A minimal replacement for the async I/O portions of std, shaped like std but built on native completion APIs:

• Linux: io_uring (kernel 5.1+) with automatic epoll fallback for older kernels — selected at runtime, not at build time
• Windows: IOCP
• macOS: kqueue
• WASM: custom host function imports (not WASIP1)

What it provides

Module	Content
io	AsyncRead / AsyncWrite — one method each, Vec<u8> ownership transfer, no extension traits
fs	File, OpenOptions, DirReader, metadata
process	Command, Child, Stdio
signal	ctrl_c(), signal_wait()
tty	Terminal size/mode (sync); Tty implementing AsyncRead/AsyncWrite
time	sleep() (async), Instant::now() (sync)
env	get_args(), get_env() (sync)
path	Sync path utilities
rt	Completion registry and proactor driver; minimal single-threaded executor on native
abi	Overlapped struct and WASM host import declarations

Design constraints

• No tokio. No async-trait. No vtable-based platform abstraction.
• No flush / shutdown on base I/O traits — those belong on concrete types.
• No extension traits in this crate — callers write their own loops.
• AsyncRead::read and AsyncWrite::write take and return Vec<u8> by value. The caller owns the buffer; the kernel borrows it for the duration of the operation.
• Sync for: env, path, time (Instant), terminal control. Async for: all I/O.
• rt on WASM is a self-contained proactor (OverlappedFuture + completion registry + tick()). On native it is a minimal single-threaded executor with its own proactor — no thread pinning, no cross-thread wakers.

What it is not

Not a general async runtime. Not compatible with tokio traits. Not targeting broad ecosystem compatibility. Does not include networking, TLS, or any protocol-level code.

Dependency strategy

No external async or I/O dependencies. All OS bindings are extern "C" / extern "system" declarations against libraries the OS always provides:

• Linux: syscall(2) for io_uring (syscall numbers 425/426/427 are stable kernel ABI, identical on glibc and musl); standard libc for epoll, signalfd, timerfd, fork, execve. #[repr(C)] struct definitions for io_uring_sqe/io_uring_cqe/epoll_event inline — these are stable kernel ABI.
• Windows: extern "system" #[link(name = "kernel32")] for IOCP, file, and process APIs — always present, no install step.
• macOS: extern "C" against libSystem.dylib for kqueue, kevent, and POSIX calls — always linked.
• WASM: extern "C" #[link(wasm_import_module)] host imports already in abi.rs.

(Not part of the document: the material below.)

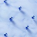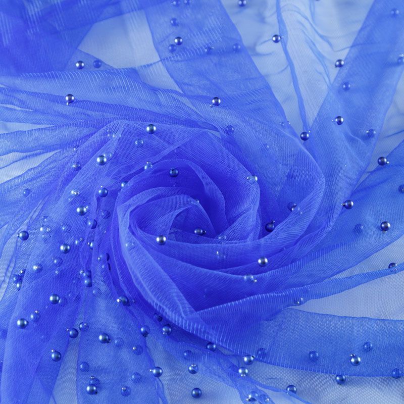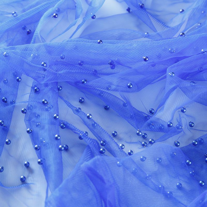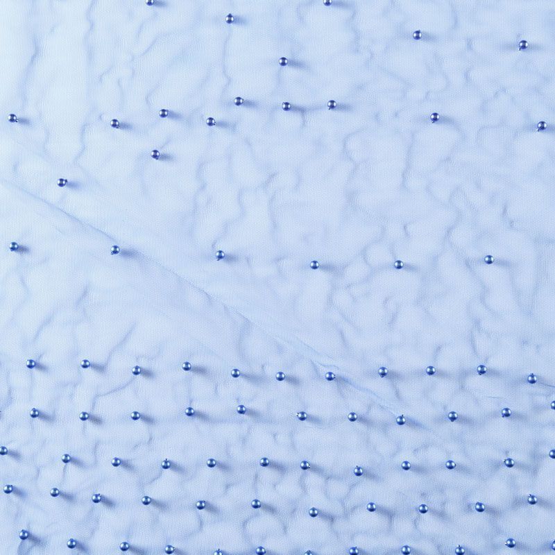 Тонкая прозрачная сетка средней жесткости фиолетового оттенка декорирована не крупными бусинами в тон полотна. Основная часть бусин расположена вдоль кромки. Ткань набирается на изделие объемом. Используется для пошива одежды для различных праздников, концертов, пышных юбок, платьев, а также для отделки и украшения, создания предметов декора и украшения помещений для торжественных мероприятий.
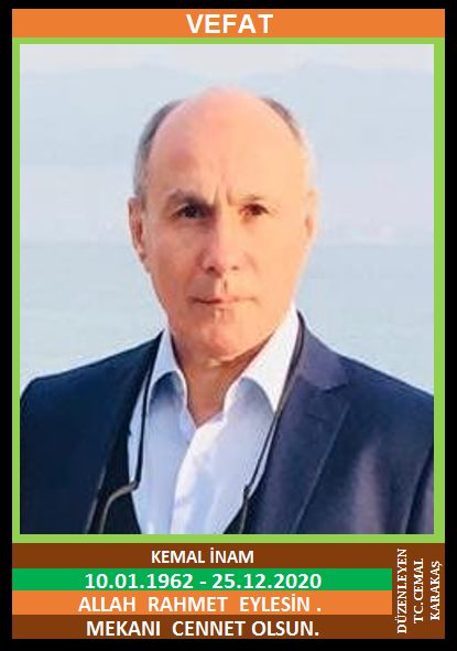 YENİCE DEREBAŞI KÖYÜ İMAMKÖY MAHALLESİ NÜFUSUNA KAYITLI OLUP, KARABÜK İLİ SAFRANBOLU İLÇESİNDE İKAMET EDEN MERHUM DURMUŞ ve HURİYE OĞLU, MAKBULE İNAM EŞİ, KARABÜK 3 NİSAN MERKEZ KARAKOLU EMNİYET PERSONELİ MEMURU KEMAL İNAM (10.01.162 DOĞUMLU) HAKKIN RAHMETİNE KAVUŞMUŞTUR. CENAZESİ (25.12.2020 CUMA GÜNÜ) YENİCE DEREBAŞI KÖYÜ İMAMKÖY MAHALLESİ CAMİİNDE SAAT:11.30’DA KILINACAK CENAZE NAMAZINDAN SONRA SON YOLCULUĞUNA UĞURLANACAKTIR. ANNESİ HURİYE İNAM, EŞİ MAKBULE İNAM, ÇOCUKLARI CİHAN İNAM, BETÜL ÇELİKLER, DAMADI FATİH ÇELİKLER, KARDEŞLERİ CELAL İNAM, CEMAL İNAM, YEĞENLERİ FURKAN İNAM, BARIŞ İNAM, YASİNCAN İNAM. ALLAH RAHMET EYLESİN. MEKANI CENNET OLSUN. GERİDE BIRAKTIĞI SEVENLERİNE VE AİLESİNE BAŞSAĞLIĞI VE SABIR DİLERİZ.

All executor and scheduling logic is self-contained in rt/. Logic derived from compio-driver source is ported directly, not imported as a crate dependency.

Building and running

Bootstrap step: generate the workspace sysroot output once with:

cargo run -p prebuild

This creates target/rusticated-spec/config.toml and the *-rusticated.json target specs under target/rusticated-spec/. The workspace root also provides sysroot.toml, which includes the generated config and is the recommended wrapper for downstream builds.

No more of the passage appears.